I have a templated class I use to create and manipulate a jagged array. I can create the jagged array; add elements; remove them; modify them; print the jagged array, etc. It seems to work at least as far my testing so far, until I try to pass a previously created jagged array to it to create another. My class currently takes what is passed, and creates what appears to be a clone, but it ends up being an alias for the same memory space. So, when I go to make a change in what I think is the clone, I end up making the change in 'both' of them. I'm kind of lost and was wondering if anyone might be able to give me some pointers?
Asked
Active
Viewed 57 times
-5
-
Welcome to SO! Without code nobody can guess the fix.

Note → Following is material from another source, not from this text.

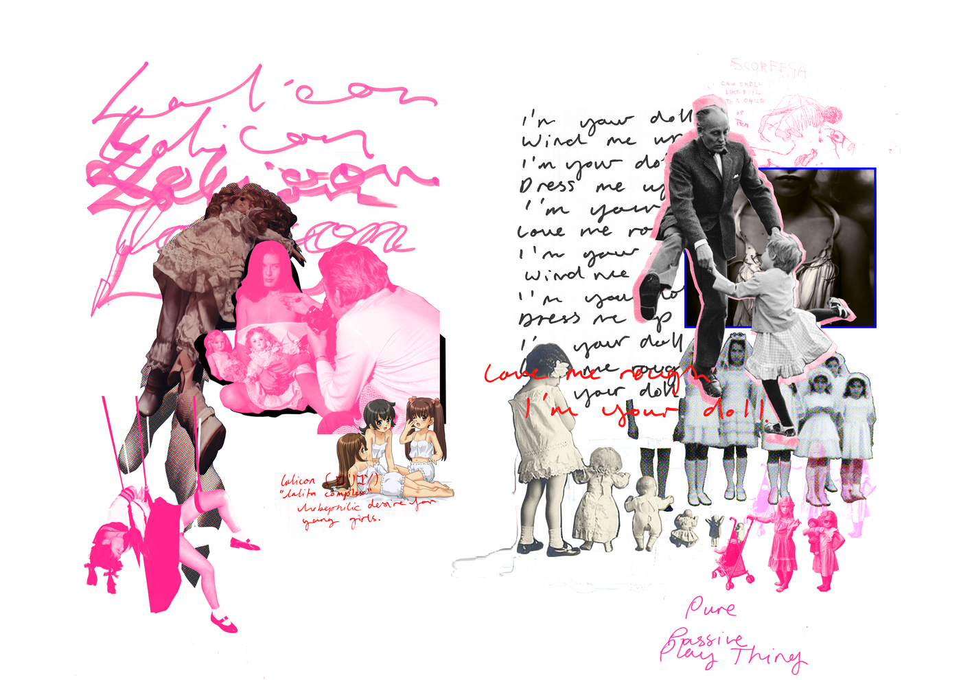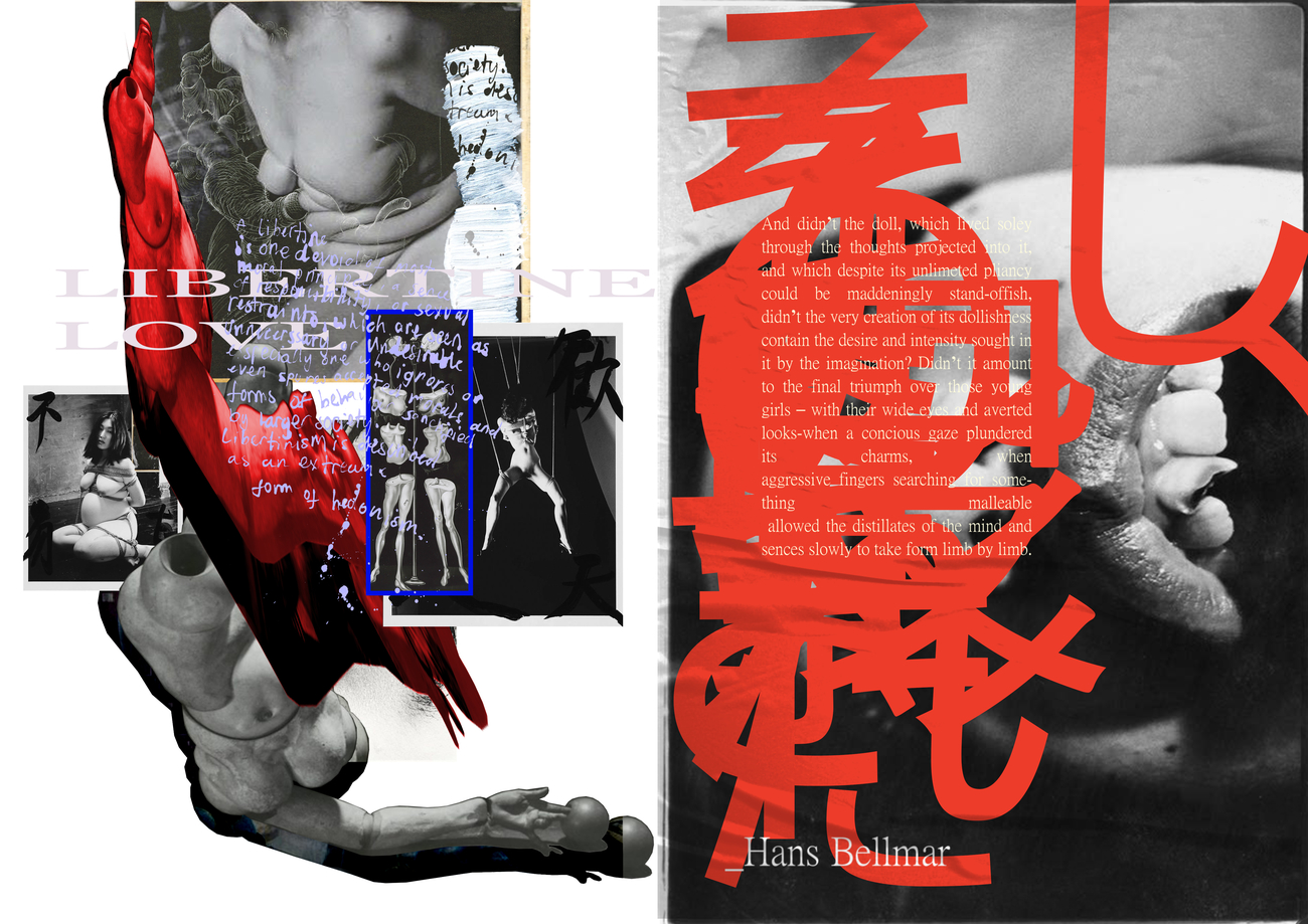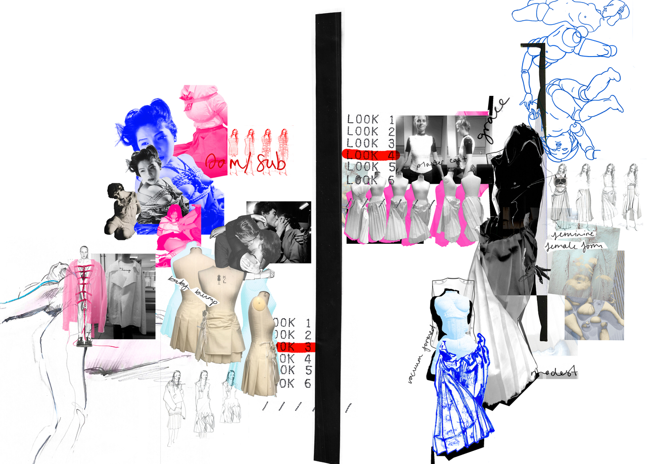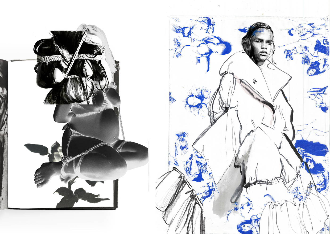 Hans Bellmer’s The Doll provides the muse for Rosie Coggin Levy’s graduate collection: Beautiful, pure, passive, a man’s plaything. The doll, Girl abides and is puppeteered in a man’s libertine, self-serving fantasy, where Shibari (Japanese rope bondage) becomes a character in Girl’s life, a representation of restriction in all the forms it takes: Man.

Please, add a [minimal reproducible example](https://stackoverflow.com/help/minimal-reproducible-example) – Ripi2 Sep 27 '19 at 01:10
-
1By replacing it with a [`std::vector`](https://en.cppreference.com/w/cpp/container/vector) would be my suggestion. `std::vector` is [Rule of Five](https://en.cppreference.com/w/cpp/language/rule_of_three) observant, so it will handle all of the monkey-work for you. – user4581301 Sep 27 '19 at 01:32
-
By the way, you've accidentally discovered the Rule of Five's somewhat simpler brother, the Rule of Three. [Here is an answer to a similar question that you should be able to derive inspiration from](https://stackoverflow.com/a/32360389/4581301) – user4581301 Sep 27 '19 at 01:37
1 Answers
0
It's hard to tell exactly what your problem is without a code example, but it sounds like your array contains pointers. For example:
std::vector<int*> original;
original.push_back(new int[]{1}); // note: for demo only (`new` without `delete` is bad)
std::vector<int*> copy = original;
copy[0][0] = 2; // now original[0][0] also equals 2
Since copy contains the same pointers as original, original[0] and copy[0] are the same pointer, and so original[0][0] and copy[0][0] refer to the same object.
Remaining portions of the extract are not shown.